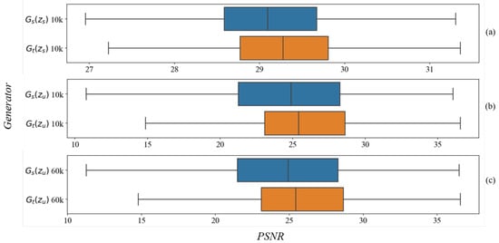 Figure 5. Boxplot of PSNR for each generator and on the experimental data set. Even after fine-tuning on unseen data, we observe that produces results without PSNR degradation in the pre-training domain. This finding demonstrates the effectiveness of our proposed method, which utilizes human feedback to mitigate catastrophic forgetting. (a) MNIST test set (10k). (b) Fashion-MNIST test set (10k). (c) Fashion-MNIST train set (60k). - Visual evaluation: Figure 4 illustrates the improvement in denoising and restoration, particularly in addressing image collapse. Notably, trained on the ‘0’ digits of MNIST, exhibits instances where the results suffer from image collapse in several images, indicating a lack of adaptation. However, our approach effectively enhances the image quality by leveraging human feedback, as demonstrated by the results obtained with .
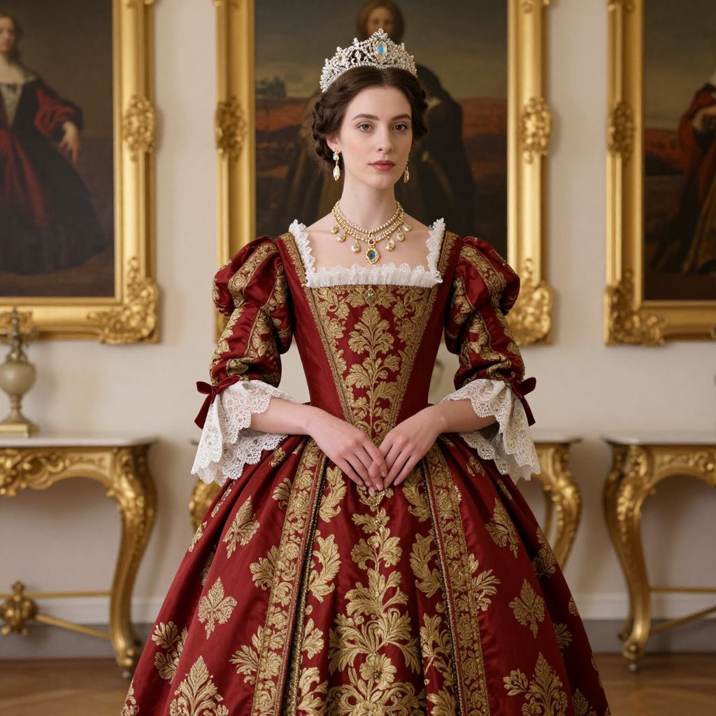 Photograph of a young woman with pale skin and dark brown, wavy hair wearing a silver tiara, a rich, red and gold brocade gown with puffed sleeves, white lace trim, and black ribbon bows. She stands in an opulent room with golden-framed paintings on the walls and ornate gold side tables. Her hands are delicately clasped in front of her, and she wears a gold necklace with a green gemstone pendant. The gown's intricate floral patterns and the room's classical decor evoke a regal, historical ambiance.
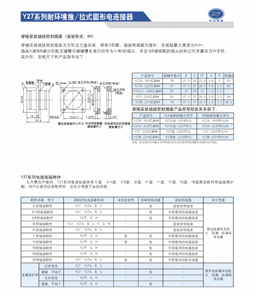 Y27A-2237ZJB4H/TKL真空腔專用密封航空插座連接器,接觸件37芯,可以接37根線。端接形式焊接。插座玻璃燒結(jié)工藝,密封性能強,在抽真空或加壓插座接觸件部位不漏氣,一般用于真空腔與大氣壓之間線路的連接。插座分單面插座,腔外有插頭連接。穿墻插座,里外有插頭連接。與插頭推拉鎖緊,方便快捷,不銹鋼殼體,防水防腐,一般用于艦船上,或者長期潮濕,霉菌中的環(huán)境。
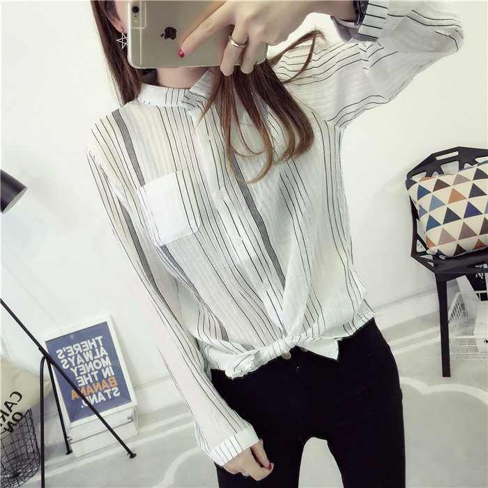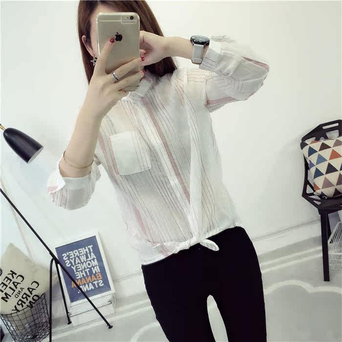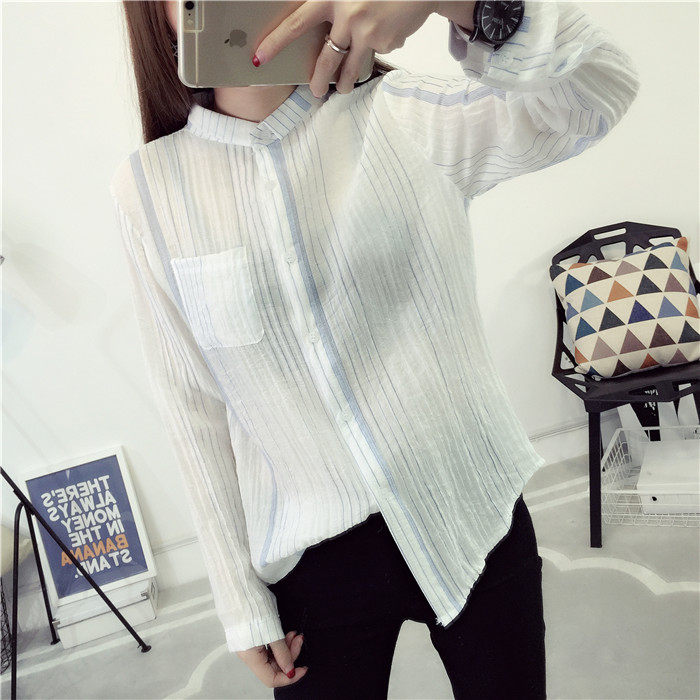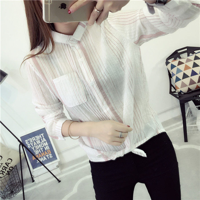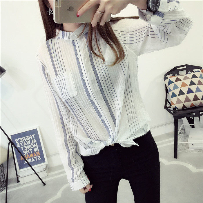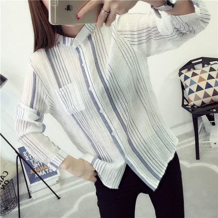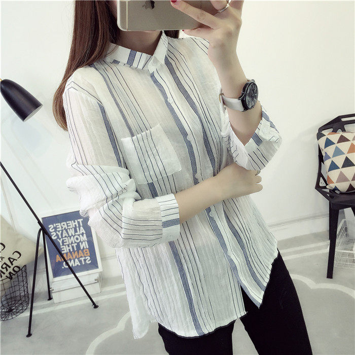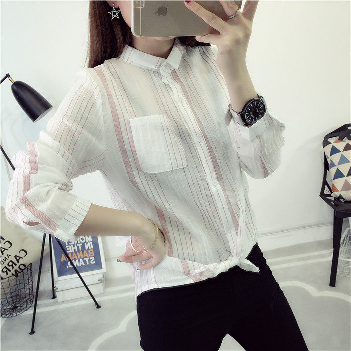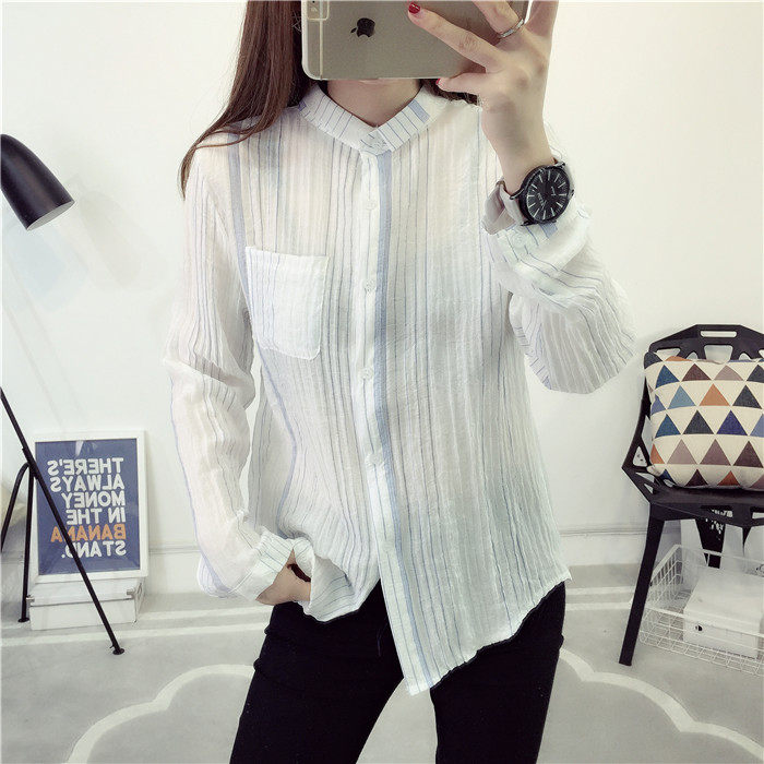 白衬衫女长袖纯棉宽松春秋学生韩范休闲清新气质百搭显瘦衬衣上衣

### Assignment
Output the data verbatim, images excluded.

### Expected answer
 Figure 5. Boxplot of PSNR for each generator and on the experimental data set. Even after fine-tuning on unseen data, we observe that produces results without PSNR degradation in the pre-training domain. This finding demonstrates the effectiveness of our proposed method, which utilizes human feedback to mitigate catastrophic forgetting. (a) MNIST test set (10k). (b) Fashion-MNIST test set (10k). (c) Fashion-MNIST train set (60k). - Visual evaluation: Figure 4 illustrates the improvement in denoising and restoration, particularly in addressing image collapse. Notably, trained on the ‘0’ digits of MNIST, exhibits instances where the results suffer from image collapse in several images, indicating a lack of adaptation. However, our approach effectively enhances the image quality by leveraging human feedback, as demonstrated by the results obtained with .
 Photograph of a young woman with pale skin and dark brown, wavy hair wearing a silver tiara, a rich, red and gold brocade gown with puffed sleeves, white lace trim, and black ribbon bows. She stands in an opulent room with golden-framed paintings on the walls and ornate gold side tables. Her hands are delicately clasped in front of her, and she wears a gold necklace with a green gemstone pendant. The gown's intricate floral patterns and the room's classical decor evoke a regal, historical ambiance.
 Y27A-2237ZJB4H/TKL真空腔專用密封航空插座連接器,接觸件37芯,可以接37根線。端接形式焊接。插座玻璃燒結(jié)工藝,密封性能強,在抽真空或加壓插座接觸件部位不漏氣,一般用于真空腔與大氣壓之間線路的連接。插座分單面插座,腔外有插頭連接。穿墻插座,里外有插頭連接。與插頭推拉鎖緊,方便快捷,不銹鋼殼體,防水防腐,一般用于艦船上,或者長期潮濕,霉菌中的環(huán)境。
 白衬衫女长袖纯棉宽松春秋学生韩范休闲清新气质百搭显瘦衬衣上衣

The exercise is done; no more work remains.